They are offering five dates on their first outing including Oct 3-5, Eastbourne, The Grove Theatre; Oct 7, Uckfield College Theatre; Oct 19, Brighton’ Lantern Theatre; Oct 20, Lewes’ All Saints Centre; and Oct 28, Rottingdean Village Hall. Tickets are now available from rabbitinheadlights.co.uk.
The production features six actors with extensive experience of stage and screen: Abi Mcloughlin, Neil James, Sharon Drain, Katina Thomas, Michael Bucke and Jodie Kenison.
Rabbit in Headlights Productions has been set up by husband-and-wife team Jon and Sue Terry. Jon is producing; Sue is directing.
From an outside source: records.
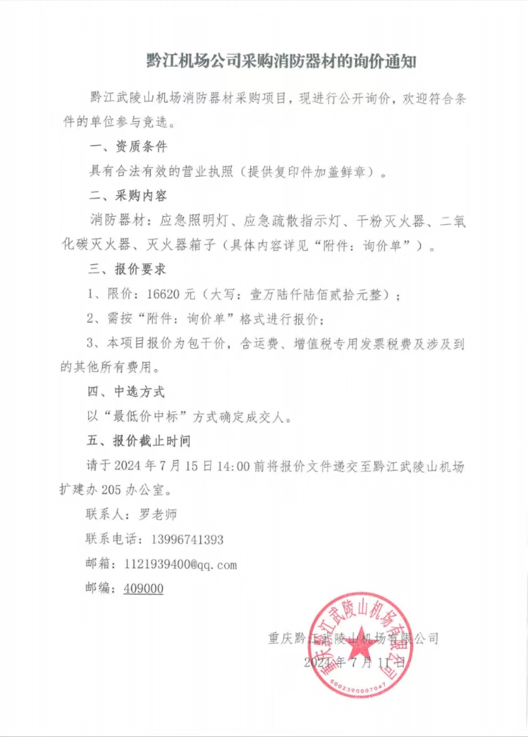 黔江機(jī)場(chǎng)公司采購(gòu)消防器材的詢價(jià)通知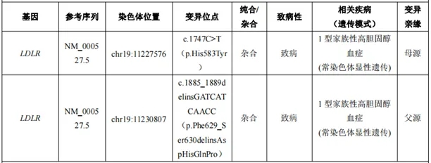 依据指南推荐,成人家族性高胆固醇血症的诊断需符合下列3项条件中的至少2项:(1)未经治疗的血清LDL-C≥4.7mmol/L;(2)皮肤/腱黄色瘤或脂性角膜弓(<45岁);(3)一级亲属中有家族性高胆固醇血症或早发动脉粥样硬化性心血管疾病患者。结合该患者病史及基因检测结果,其家族性高胆固醇血症诊断明确。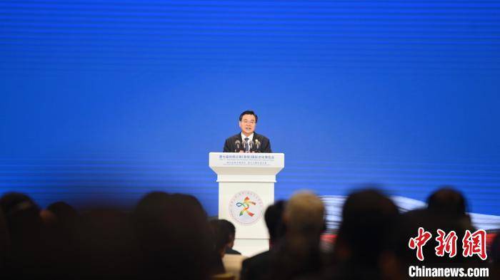 9月21日,第七届丝绸之路(敦煌)国际文化博览会开幕式在甘肃敦煌举行。图为中共甘肃省委书记胡昌升现场致辞。中新社记者 李亚龙 摄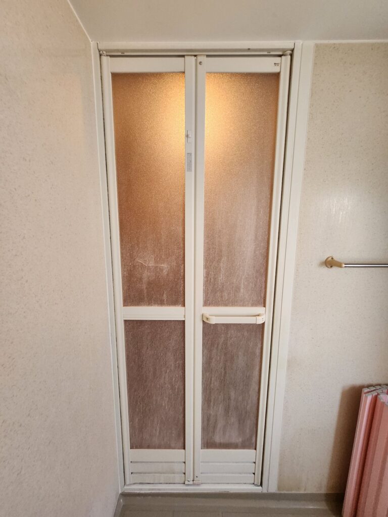 ユニットバスの折戸はパネルに割れがあったのですが、メーカー廃盤のため部品交換のみを行うことができずカバー工法で交換を行いました。

“I sold my business just before lockdown,” Jon explains, “but I had always done a lot of amateur theatre work. The idea was that I would sell my accountancy business and become a professional actor. I'm 55 and I decided it was a good time. I could see that accountancy was increasingly going online for a lot of the type of clients that I had and it just felt the right moment. I got a good offer and I was pleased to pass it over. I've been doing amateur productions for many, many years and it had always been a passion and a hobby. I just enjoy the whole process, the social side of working with other actors and the line learning and also delivering those lines in front of an audience and just the whole experience being so rewarding. So I started with the aim of becoming a professional actor and I'm lucky enough to have worked a lot. I did six plays last year and I've done a couple this year. A lot of it has been local theatre but it has been paid theatre. And so we decided to set up this company. The expression rabbit in the headlights is an expression that people use to describe terrified actors on stage. That won't be us! But it just seemed like a jokey name that would stick in people's minds. We're starting relatively small but our goals are to work to put theatre on stage and bring theatre into schools and education and also to work with businesses. We're starting off with a small tour of Animal Farm and we've got five venues this October and then going forward we would hope to get bigger.
“Animal Farm is a story that I've always loved and I was talking to a friend of mine who’s also very passionate about it. He is in fact writing a sequel to Animal Farm at the moment and he persuaded me that it would be a good idea to do it. It is on the GCSE syllabus and that's give us an opportunity to work in schools as well which is great. The performance promises not only to entertain but also to challenge and provoke thought. Drawing parallels between Orwell's masterpiece and contemporary society, our production serves as a poignant reminder of the enduring relevance of the tale.” The aim is perhaps to do three or four productions a year.